What Mental Health Services are Found on College Campuses?
The pressures of academic achievement, pre-existing issues, and lifestyle factors can all contribute to a college student’s mental well-being, and most schools across the country have mental health services available on campus to treat those who need support.
However, it’s not always clear what services these centers offer. Many campuses differ in how they approach mental illness, some diagnosing and prescribing medication while others choosing to refer students to external counseling centers.
If you’re dealing with anxiety, depression or other serious internal issues while taking classes, then you may benefit from on-campus counseling.
Mental Health Support
The number of students seeking mental health counseling at school is on the rise according to the American Psychological Association or APA, and it’s a trend that’s been growing since the mid-1990s.
In 2010, a survey conducted by the American College Health Association found that nearly 46 percent of respondents felt “hopeless” while about 31 percent reported feeling severely depressed to the point that they couldn’t function.
Depression and anxiety rank as the most prevalent mental conditions that students report, but equally alarming is the number of cases related to eating disorders, self-injury and substance abuse. There is also a noticed rise in PTSD cases as more veterans enter classrooms as part of their return to the civilian world.
To combat these statistics, the Garrett Lee Smith Memorial Act was passed in 2004. The GLSMA created three programs for campuses across the country: Campus Suicide Prevention, the Technical Assistance Center, and State/Tribal Youth Suicide Prevention.
According to the APA, the “programs have made a significant difference in addressing the issue of suicide,” which is one of the top causes of death among young people. The GLSMA was renewed in 2011 to continue support for on-campus counseling resources.

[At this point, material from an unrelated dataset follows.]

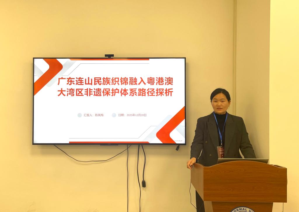 本次论坛由北京师范大学主办,人文和社会科学高等研究院非物质文化遗产研究与发展中心、广东省岭南文化研究基地、北京师范大学珠海校区岭南非物质文化遗产研究与发展中心承办,论坛汇聚了百余名学界、业界代表,旨在共同探讨非遗在当代社会的活化路径与发展前景。AC米兰陈凤梅博士在会上做题为《广东连山民族织锦融入粤港澳大湾区非遗保护体系路径探析》的学术报告。陈凤梅博士从连山壮瑶民族织锦的文化价值与保护现状、现实困境、活态传承及创新路径探析连山壮瑶民族织锦融入粤港澳大湾区非遗保护体系,并提出技术赋能守本、教育传承育青、产业融合造血、数字传播扩圈、区域协同聚力五维创新路径。

Academics and Career Counseling
Aside from mental health issues, students turn to university counseling centers for academic support and career guidance.
Some majors, such as those in the liberal arts or business, offer a wider career path than, say, biochemistry or aviation. Students who need assistance finding internships, taking the right courses or dealing with particularly challenging course loads will seek help from guidance counselors.
Some schools combine mental health counseling and career guidance into one department.
Greater Need with Fewer Resources
Students seek mental health services for a variety of reasons, but some schools struggle to meet even basic needs.
With an increase in the number of students who need help, some schools simply lack the staffing necessary to treat and follow up with at-risk students. In addition, students at different schools don’t always receive the same level of care even when dealing with the same issues.
There’s little uniformity across university crisis centers. However, the landscape of mental health care is changing for the better.
More schools are looking into ways to benefit at-risk students so that they can get the help that they need.
Earning a degree can be stressful enough without factors such as family issues, mental or emotional problems, or financial concerns.
Fortunately, students who need help today have more options for dealing with problems, and the stigma against therapy has lessened over the years.
You may not think about needing counseling while you’re in school, but it’s an important factor to consider just in case.
At the very least, counseling centers can offer support when you need help choosing a major or career path.
When deciding on a college, ask about the mental health services that are available on campus.